On behalf of Consortium of Investigators of Modifiers of BRCA1/2 (CIMBA)
Evidence suggests that 35% of women with BRCA1 mutations will never develop breast cancer but it is currently not possible to predict which BRCA1 mutation carriers are in this category. Dr. Couch and his collaborators propose to validate the results from a genome wide association study of BRCA1 carriers in order to identify the commonly inherited alterations in the human genome that are associated with altered risk of breast cancer in BRCA1 mutation carriers. Once a number of these risk modifiers have been verified, they aim to develop new risk assessment models for BRCA1 carriers that will predict individual risk of breast cancer. The samples needed for the genome wide association study of breast cancer in BRCA1 carriers have been collected. In June, Dr. Couch reported that sample quality is being checked and genotyping will commence shortly.

Mid-year Progress Report:
This project is studying common genetic alterations in the human genome among women with mutations in the BRCA1 breast and ovarian cancer predisposition genes in order to identify the alterations that modify the risk of breast cancer. DNA samples from over 3,000 women have been collected and the samples that will be used in the first stage of the genetic testing of alterations have been selected.

Bio:
Fergus J. Couch is an Associate Professor in the Department of Laboratory Medicine and Pathology in the Mayo Clinic College of Medicine. He obtained his undergraduate and Ph.D degrees from University College Cork, Ireland and received postdoctoral training under the mentorship of Francis S. Collins at the University of Michigan and Barbara L. Weber at the University of Pennsylvania. He is the vice-chair of the Division of Experimental Pathology and the deputy director of the breast cancer research program at the Mayo Clinic.
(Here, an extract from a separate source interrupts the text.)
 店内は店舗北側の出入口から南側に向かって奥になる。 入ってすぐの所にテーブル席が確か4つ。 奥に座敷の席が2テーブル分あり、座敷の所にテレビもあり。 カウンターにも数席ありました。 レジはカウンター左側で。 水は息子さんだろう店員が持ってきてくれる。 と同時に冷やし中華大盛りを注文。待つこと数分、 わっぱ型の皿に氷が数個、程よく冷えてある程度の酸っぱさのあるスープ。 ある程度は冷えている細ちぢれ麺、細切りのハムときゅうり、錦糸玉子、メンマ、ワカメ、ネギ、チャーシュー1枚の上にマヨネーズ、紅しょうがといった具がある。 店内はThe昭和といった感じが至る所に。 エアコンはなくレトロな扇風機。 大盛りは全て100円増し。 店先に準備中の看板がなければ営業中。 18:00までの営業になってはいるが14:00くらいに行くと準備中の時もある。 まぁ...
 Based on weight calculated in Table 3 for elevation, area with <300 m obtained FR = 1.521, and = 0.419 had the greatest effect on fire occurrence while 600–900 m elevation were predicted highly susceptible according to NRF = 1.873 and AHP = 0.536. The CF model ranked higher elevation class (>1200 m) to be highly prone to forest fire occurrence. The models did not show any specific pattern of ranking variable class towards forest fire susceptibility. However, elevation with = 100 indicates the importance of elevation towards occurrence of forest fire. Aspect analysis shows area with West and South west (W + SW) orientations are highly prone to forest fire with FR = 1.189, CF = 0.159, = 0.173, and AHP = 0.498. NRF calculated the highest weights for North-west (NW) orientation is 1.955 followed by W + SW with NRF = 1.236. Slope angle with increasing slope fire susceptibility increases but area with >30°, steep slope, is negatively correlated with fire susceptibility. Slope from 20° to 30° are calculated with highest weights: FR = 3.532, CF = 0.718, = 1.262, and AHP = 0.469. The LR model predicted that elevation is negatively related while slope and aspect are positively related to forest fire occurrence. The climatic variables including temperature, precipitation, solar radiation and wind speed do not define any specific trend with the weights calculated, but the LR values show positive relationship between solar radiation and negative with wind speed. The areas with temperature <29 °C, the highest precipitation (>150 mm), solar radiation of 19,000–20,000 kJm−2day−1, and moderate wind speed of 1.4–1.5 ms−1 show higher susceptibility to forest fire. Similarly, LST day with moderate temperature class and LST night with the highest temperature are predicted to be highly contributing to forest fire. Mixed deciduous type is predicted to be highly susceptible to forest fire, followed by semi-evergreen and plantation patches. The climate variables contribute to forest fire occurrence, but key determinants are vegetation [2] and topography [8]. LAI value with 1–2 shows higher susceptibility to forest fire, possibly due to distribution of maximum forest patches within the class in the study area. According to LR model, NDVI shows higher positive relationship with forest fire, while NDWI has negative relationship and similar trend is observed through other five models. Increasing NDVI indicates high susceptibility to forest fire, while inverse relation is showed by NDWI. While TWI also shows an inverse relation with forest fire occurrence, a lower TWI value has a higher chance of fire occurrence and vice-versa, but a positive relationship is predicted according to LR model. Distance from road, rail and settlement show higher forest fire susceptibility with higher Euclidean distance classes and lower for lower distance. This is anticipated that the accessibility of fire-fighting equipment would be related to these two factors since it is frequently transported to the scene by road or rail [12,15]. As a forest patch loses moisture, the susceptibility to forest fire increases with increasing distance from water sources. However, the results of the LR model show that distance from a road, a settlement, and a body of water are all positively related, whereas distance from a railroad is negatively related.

Dr. Couch has had a long-standing interest in the genetics of breast cancer following his involvement in the initial characterization of the BRCA1 and BRCA2 genes as a postdoctoral fellow. Dr. Couch is taking a multidisciplinary approach to characterization of genetic factors associated with breast cancer. Much of his work is focused on identification of common genetic risk factors for breast cancer and genetic modifiers of breast cancer risk in BRCA1 and BRCA2 mutation carriers. In addition, he leads an international consortium that is using laboratory and epidemiological approaches to determine which unclassified variants in BRCA1 and BRCA2 predispose to cancer. Dr. Couch is also studying how BRCA2 and a number of candidate oncogenes from a region of gene amplification on chromosome 17 contribute to breast cancer using animal models and cell biology approaches. His studies of these genes have led to a specific interest in the contribution of defects in cell division to breast cancer.